Jenkins plugin for HPC job systems

759 views
Skip to first unread message

James Hetherington

unread,
Jun 11, 2014, 10:05:58 AM6/11/14
to jenkin...@googlegroups.com, Dr James Hetherington
I am considering starting to write a Jenkins plugin to support the use of HPC job scheduler systems like SGE, LL and PBS.

Jobs currently queued in the batch system would show as pending jobs in the Jenkins UI.
Jobs would be qsubbed when they are requested to be built, and the job would transition to currently running when it runs on the scheduler

Configuration for the scheduler-based slave would specify the commands to be used for job submission, termination and status monitoring, with standard options for common queue systems,
as well as SSH connection details to the login node of an HPC system.

I have two questions:

1. Is anyone aware of a plugin which already does this?
2. Would anyone be interested in collaborating on such a project?

--

                              Dr James Hetherington,

Team Leader,                                   Honorary Lecturer
Research Software Development    Department of Computer Science
Research IT Services                       
Information Services Division           Faculty of Engineering

                            University College London

Tel: 02035495164 (Int. 65164)
Mobile: 07946868834
Skype: ucgajhe
Twitter: @uclrcsoftdev
Blog: blogs.ucl.ac.uk/research-software-development/
Site: development.rc.ucl.ac.uk

Jesse Glick

unread,
Jun 11, 2014, 12:11:54 PM6/11/14
to jenkin...@googlegroups.com
On Wed, Jun 11, 2014 at 10:05 AM, James Hetherington <jame...@gmail.com> wrote:
> Is anyone aware of a plugin which already does this?

No but I have heard of someone interested in SGE support.
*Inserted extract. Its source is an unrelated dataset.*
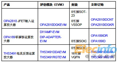 TI新型高壓放大器的封裝如下表所示。目前,TI商店和授權(quán)經(jīng)銷商可批量提供OPA189和THS3491放大器。此外,目前可通過(guò)TI商店和授權(quán)經(jīng)銷商獲得OPA2810DGKEVM評(píng)估模塊,并且OPA2810放大器于2018年第3季度投入量產(chǎn)。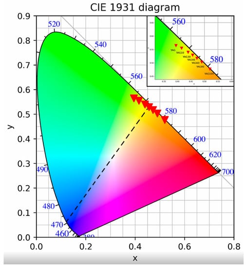 The point which represents the color coordinates of a mixture of colors lies on the line connecting the points corresponding to these colors (Figure 7, dashed line). The x coordinate increases and the y coordinate decreases with the growth of gadolinium content. This change in chromaticity with an increase in Gd content is consistent with the data of [29] for YGdAd:Ce powders prepared by the urea combustion method; nevertheless, the y-coordinate of polymer–salt synthesized samples emission is lower. As one can see from Figure 7, the emission of samples with the degree of yttrium substitution by gadolinium 30–40% can be mixed with an emission of 470 nm (wavelength of blue LEDs) in order to fabricate white LEDs. Nevertheless, the precise value of the substitution degree is to be calculated based on the chromaticity of a specific LED since the LED emission spectrum is not monochromatic.

My idea was
to implement the durable-task-plugin API, at which point any client of
that plugin can use the system (and Jenkins does not need to be
continuously running while the scheduling system runs your batch job).
Jenkins Enterprise by CloudBees has one such client, which looks and
feels like a freestyle project; the upcoming Workflow plugin suite has
another caller, which is used routinely for running forked commands
like shell scripts.

Bruno P. Kinoshita

unread,
Jun 11, 2014, 8:29:56 PM6/11/14
to jenkin...@googlegroups.com
Hi Jesse,

I'm waiting for the workflow plugin but hadn't heard about the durable tasks plugin. 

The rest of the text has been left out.